Start of Supplied records

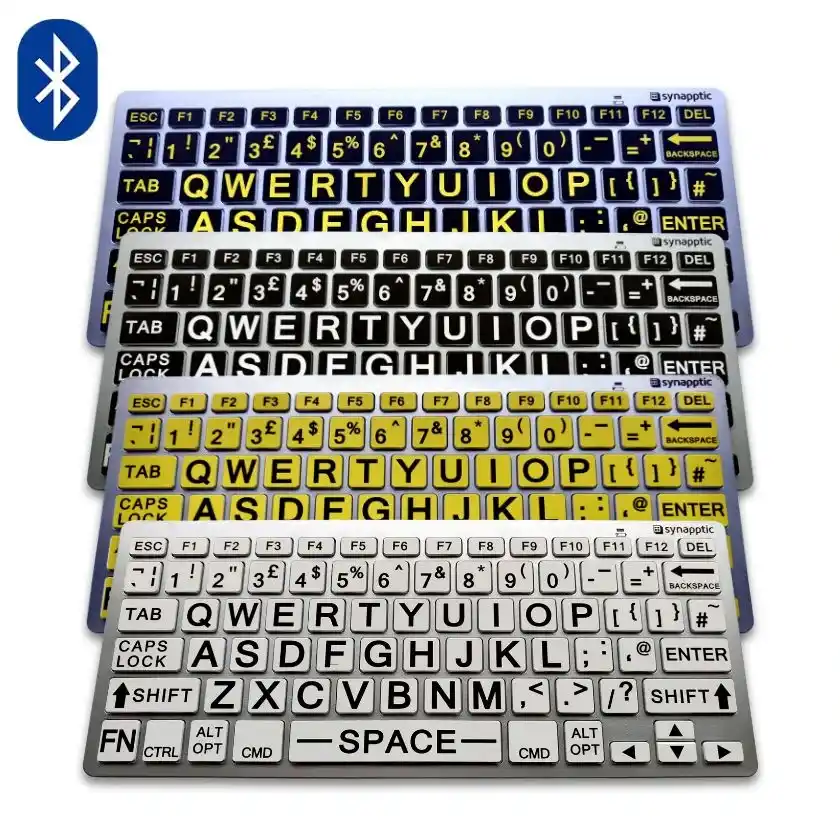 A high quality large print bluetooth wireless keyboard in a range of colours. Ideal for the visually impaired or anyone with sight problems who wants to make using their device easier.
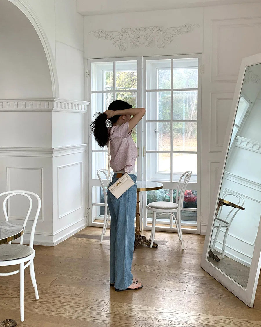 Infuse a touch of Korean chic into your wardrobe with this sweet, mixed-color design that exudes elegance and style.
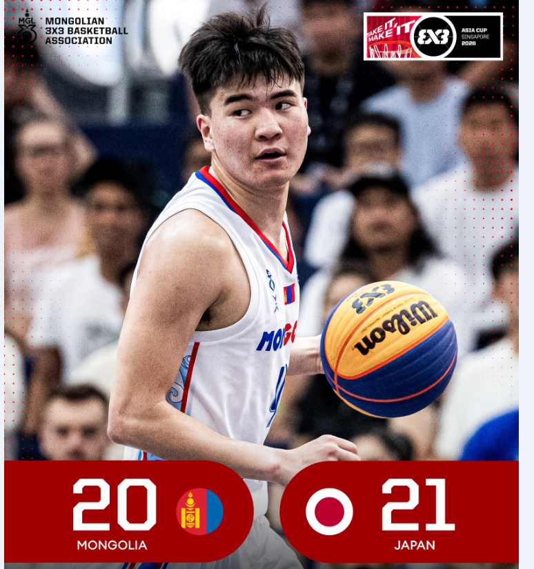 Сагсан бөмбөгийн “FIBA” 3x3-ын Ази тивийн аварга шалгаруулах тэмцээн үргэлжилж байна. Монгол Улсын эрэгтэй шигшээ баг тэмцээний шөвгийн наймын тоглолтоо Япон Улсын шигшээ багийн эсрэг хийж 20:21-ийн харьцаагаар хожигдож Ази тивийн аварга шалгаруулах тэмцээнээ өндөрлүүллээ.
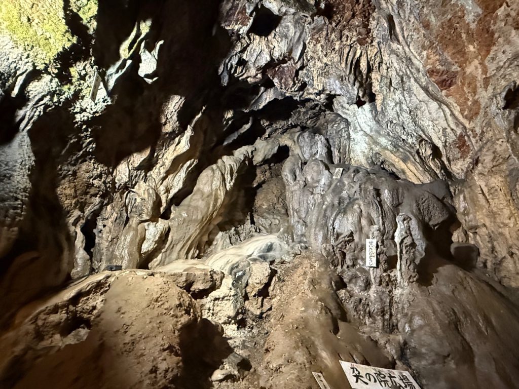 洞窟内は足元が滑りやすくなっていて天井が低い場所もありますので気を付けて歩いていきます。
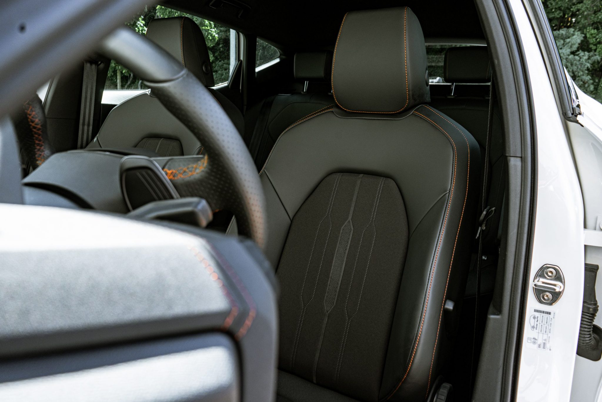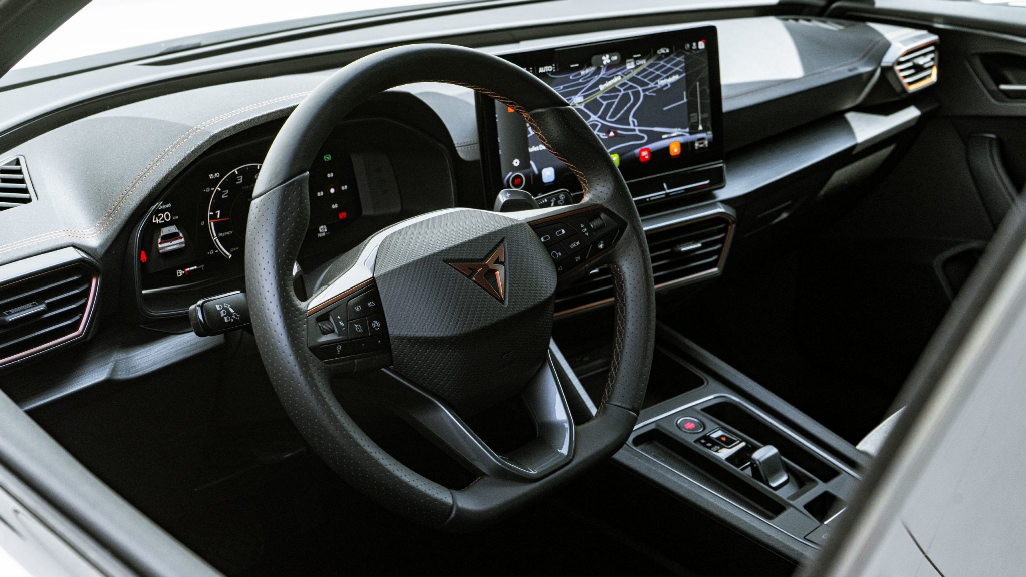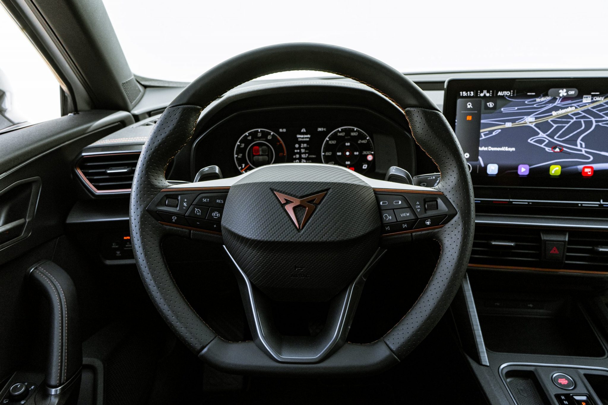Kabína je presne taká, ako ju poznáme. Sedadlá aj v základnejšom Formentore sú dobre tvarované a dokážu vás pekne pohltiť. Keď však sedíte za volantom „úplne na zemi“, nie je šanca, aby ste dokázali vidieť na koniec kapoty. Kapota je extrémne dlhá a nemáte takmer ani pocit, že sa nachádzate vo zvýšenom aute. Naopak, je veľmi príjemné sedieť takto nízko, človek si myslí, že je spojený so zemou. Aj toto poukazuje na športovú DNA značky Cupra.
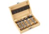Das fünfteilige LUX-TOOLS Forstnerbohrer-Set erleichtert saubere und ausrissfreie Bohrungen in weiche Hölzer. Bei der Aufnahme handelt es sich um einen Zylinderschaft. Das Set beinhaltet je einen Forstnerbohrer in den Grössen 15 mm, 20 mm, 25 mm, 30 mm und 35 mm, die in einer praktischen Aufbewahrungsbox aus Holz verpackt sind.
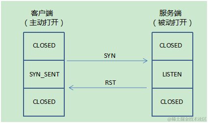 拒绝连接一般是由服务器主动发起的,因为客户端发起请求连接携带的目的端口,可能服务器并没有开启LISTEN状态。因此服务器在收到这样的报文段后会发送一个RST报文段,在这个报文里把RST和ACK都置为1,它确认了SYN报文段并同时重置了该tcp连接,然后服务器等待另一个连接。客户端在收到RST+ACK报文段后就会进入CLOSED状态。
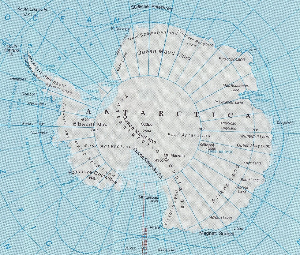 Antarktis, die Durchschnittshöhe beträgt 2050m, Antarktis, die Eisdicke beträgt bis zu 5000m, Antarktis, 84% des Eises der Welt sind auf diesem Kontinent, |

End of Supplied records

=== What to produce ===
Transcribe all the lines above exactly; any image among them is skipped.

=== Solution for this exercise ===
 A high quality large print bluetooth wireless keyboard in a range of colours. Ideal for the visually impaired or anyone with sight problems who wants to make using their device easier.
 Infuse a touch of Korean chic into your wardrobe with this sweet, mixed-color design that exudes elegance and style.
 Сагсан бөмбөгийн “FIBA” 3x3-ын Ази тивийн аварга шалгаруулах тэмцээн үргэлжилж байна. Монгол Улсын эрэгтэй шигшээ баг тэмцээний шөвгийн наймын тоглолтоо Япон Улсын шигшээ багийн эсрэг хийж 20:21-ийн харьцаагаар хожигдож Ази тивийн аварга шалгаруулах тэмцээнээ өндөрлүүллээ.
 洞窟内は足元が滑りやすくなっていて天井が低い場所もありますので気を付けて歩いていきます。
Kabína je presne taká, ako ju poznáme. Sedadlá aj v základnejšom Formentore sú dobre tvarované a dokážu vás pekne pohltiť. Keď však sedíte za volantom „úplne na zemi“, nie je šanca, aby ste dokázali vidieť na koniec kapoty. Kapota je extrémne dlhá a nemáte takmer ani pocit, že sa nachádzate vo zvýšenom aute. Naopak, je veľmi príjemné sedieť takto nízko, človek si myslí, že je spojený so zemou. Aj toto poukazuje na športovú DNA značky Cupra.
Das fünfteilige LUX-TOOLS Forstnerbohrer-Set erleichtert saubere und ausrissfreie Bohrungen in weiche Hölzer. Bei der Aufnahme handelt es sich um einen Zylinderschaft. Das Set beinhaltet je einen Forstnerbohrer in den Grössen 15 mm, 20 mm, 25 mm, 30 mm und 35 mm, die in einer praktischen Aufbewahrungsbox aus Holz verpackt sind.
 拒绝连接一般是由服务器主动发起的,因为客户端发起请求连接携带的目的端口,可能服务器并没有开启LISTEN状态。因此服务器在收到这样的报文段后会发送一个RST报文段,在这个报文里把RST和ACK都置为1,它确认了SYN报文段并同时重置了该tcp连接,然后服务器等待另一个连接。客户端在收到RST+ACK报文段后就会进入CLOSED状态。
 Antarktis, die Durchschnittshöhe beträgt 2050m, Antarktis, die Eisdicke beträgt bis zu 5000m, Antarktis, 84% des Eises der Welt sind auf diesem Kontinent, |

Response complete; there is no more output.